Diğer taraftan, zarar gören GDO’lu ürün kullanıcısı, malın ayıplı olmasından başka “uğradığı zararı ile zarar arasındaki nedensellik bağını da ispat etmesi” gerekse de; bunun ispatı GDO’lu ürün kullanıcısı bakımından çoğu durumlarda güçtür. Özelikle, GDO’lu ürünün hali hazırda elde bulunmaması, kullanılmış oluşu, diğer ürünlerle birlikte kullanılmış oluşu, zararın uzun yıllar sonra ortaya çıkması gibi nedenler, nedensellik bağının ispatını zorlaştıran; hatta çoğu durumlarda imkânsız kılan etkenlerdir.
GDO’lu ürünlerin üretimi alanında, bir ürünün ayıplı (hem GDO’lu hem de zarara elverişli) olduğunun belirlenebilmesi için, genellikle üreticinin bazı üretim sırlarının bilinmesine ihtiyaç bulunmaktadır. Buna karşılık rekabetin olumsuz bir yansıması gereği, GDO’lu ürün üreticisi, belirtmek zorunda olduğu zorunlu yükümlerinin dışında, üretime yönelik sırları dış dünyaya karşı gizlemektedir. GDO’lu ürün üreticisin sorumluluğu anlamında, üretim aşamasının tenkitçi bir gözle izlenemediği durumlarda ayıbın tespit edilebilmesi imkânı da düşüktür.
Zarar görene Yönetmelik düzenlemesiyle yüklenen külfetler, kullanılan GDO’lu ürünün ayıplı olduğunu, uğradığı zararını ve ayıp ile zarar arasındaki nedensellik bağının varlığının ispatıdır. Zarar görenin bunların ispatında büyük güçlüklerle karşılaşacağı; çoğu durumlarda da bu faaliyeti gösteremediği için ispatsızlığın riski ile karşı karşıya kalabileceği açıktır.
SONUÇ
Türk Hukukunda, özellikle nedenselliğin ispatına yönelik olmak üzere, Alman veya İsviçre Hukukuna benzer tarzda genetiği değiştirilmiş organizmaların neden olduğu zararlarda özel bir düzenleme içerisinde ispat kuralları bulunmamaktadır. 18.03.2010 tarihli 5977 sayılı “Biyogüvenlik Kanunu” çıkarılmış olmasına rağmen, söz konusu Kanun da, GDO’lu ürün tüketiminden kaynaklanan zararlarda ispat sorunlarına yönelik bir düzenleme öngörülmemiştir. Diğer bir ifadeyle, 5977 sayılı “Biyogüvenlik Kanunu”nda özel ispat kurallarının bulunmaması nedeniyle, genetiği değiştirilmiş organizmaların doğrudan tüketilmesinden kaynaklanan zararlarda sorumluluk ve özellikle nedensellik bağının ispatına yönelik ispat sorunları 4077 sayılı Tüketicinin Korunması Hakkında Kanun çerçevesinde ele alınmalıdır.

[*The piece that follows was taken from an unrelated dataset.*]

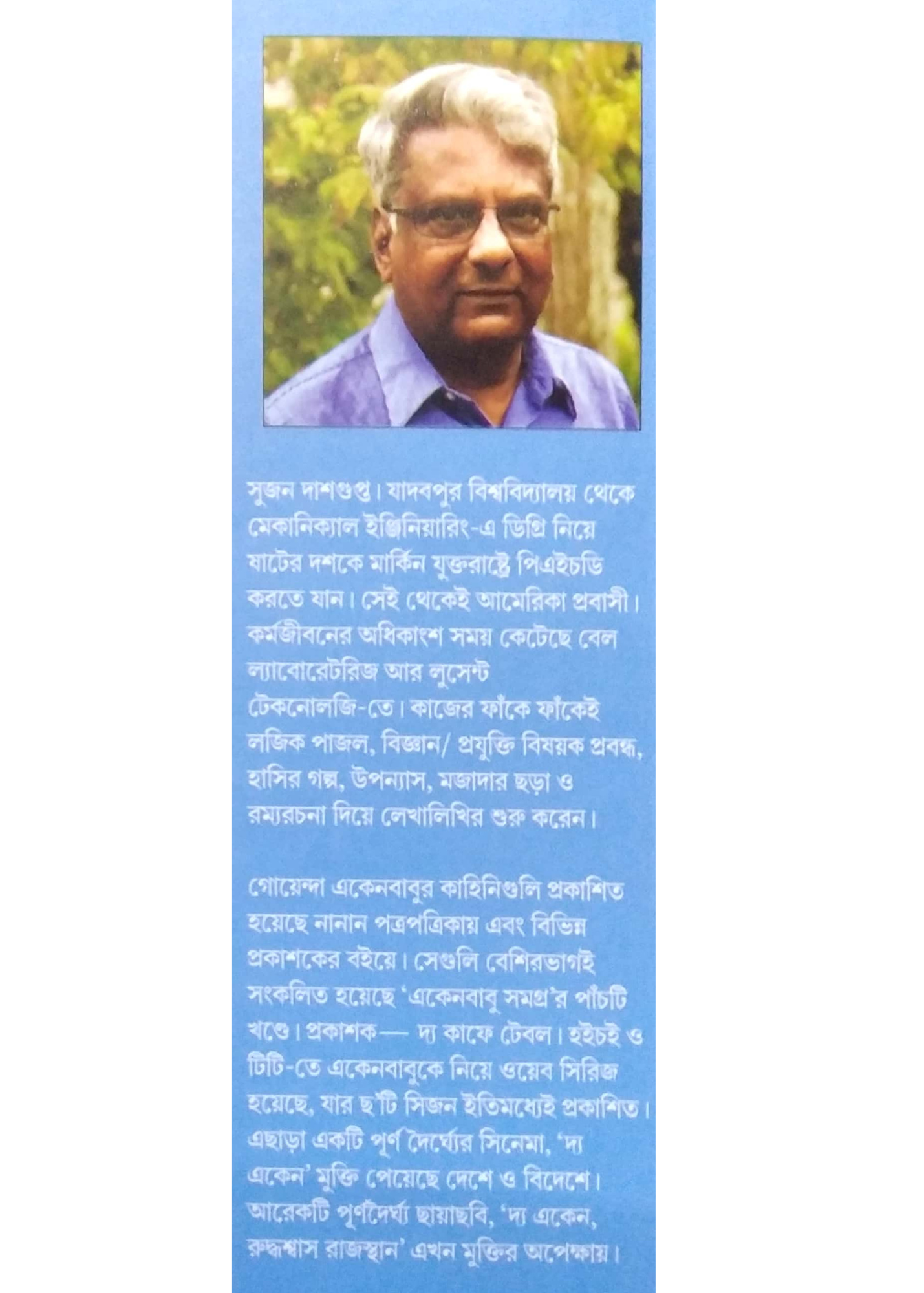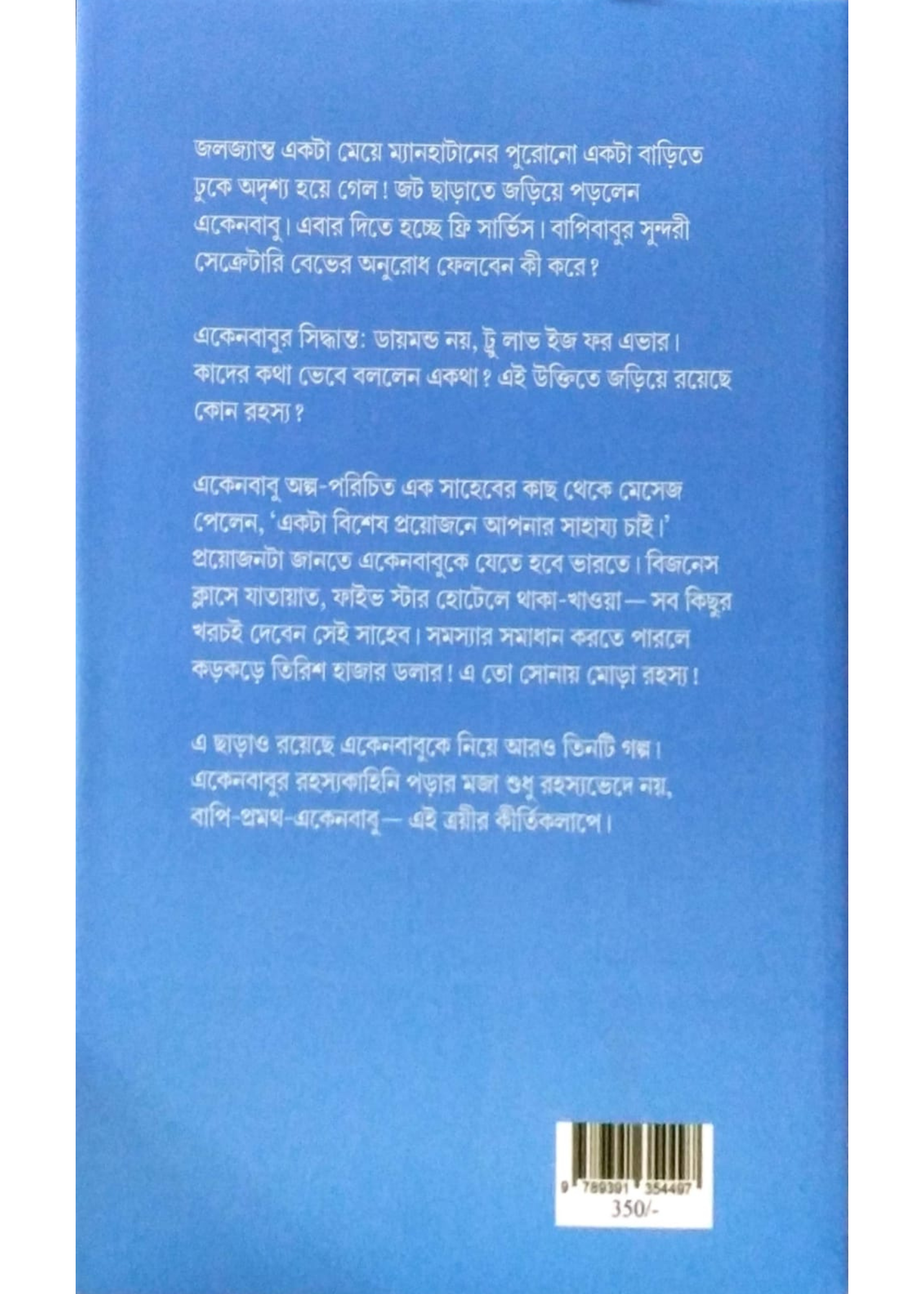 এ ছাড়াও রয়েছে একেনবাবুকে নিয়ে আরও তিনটি গল্প। একেনবাবুর রহস্যকাহিনি পড়ার মজা শুধু রহস্যভেদে নয়, বাপি-প্রমথ-একেনবাবু- এই ত্রয়ীর কীর্তিকলাপে

Tüketicinin Korunması Kanunu kuralları tam olarak referans alınarak GDO’lu ürünlerin kullanımından kaynaklanan zararlarda nedenselliğin ispatına yönelik ispat sorunlarının çözümlenmesi; özel ispat kolaylıklarının geliştirilmemesi nedeniyle genel kuralların uygulanacağı varsayımıyla bu alanda ispat sorunlarının aşılabilmesi imkânı kanaatimize göre bulunmamaktadır.
Bu çerçevede 18.03.2010 tarihli 5977 sayılı “Biyogüvenlik Kanunu”nun özel ispat kuralları düzenlememiş olması nedeniyle sorunlara çözüm üretebilmesi imkânı bu haliyle bulunmamaktadır.
Bu nedenle, yasal düzenleme boyutunda, sorunlara çözüm olarak, 18.03.2010 tarihli 5977 sayılı “Biyogüvenlik Kanunu”nun yeniden ele alınarak, genetiği değiştirilmiş organizmaların kullanılmasından kaynaklanan zararlarda ispat kurallarını da içeren değişikliklerin yapılarak; yeni bir bakış açısıyla Kanun’un gözden geçirilmesi önerilebilir.
Bu tarz düzenleme örneklerine Alman ve İsviçre hukuklarında rastlanılmaktadır. Alman Gen Teknik Kanunu’nun 34. Paragrafında getirilen “sınırlı bir yasal nedensellik “karinesi”ne benzer bir düzenleme ile nedenselliğin ispatına yönelik sorunların birçoğu çözümleneceği gibi; İsviçre Gen Teknik Kanunu’nun 33. maddesinde öngörülen, nedenselliğin ispatının bir taraftan ispatlanmasının beklenemediği, ispat güçlüklerinin yoğun yaşandığı olaylar bakımından, hâkime kendiliğinden araştırma yetkisi de verilerek ve ispat ölçüsü düşürülerek ispat kolaylaştırılabilir.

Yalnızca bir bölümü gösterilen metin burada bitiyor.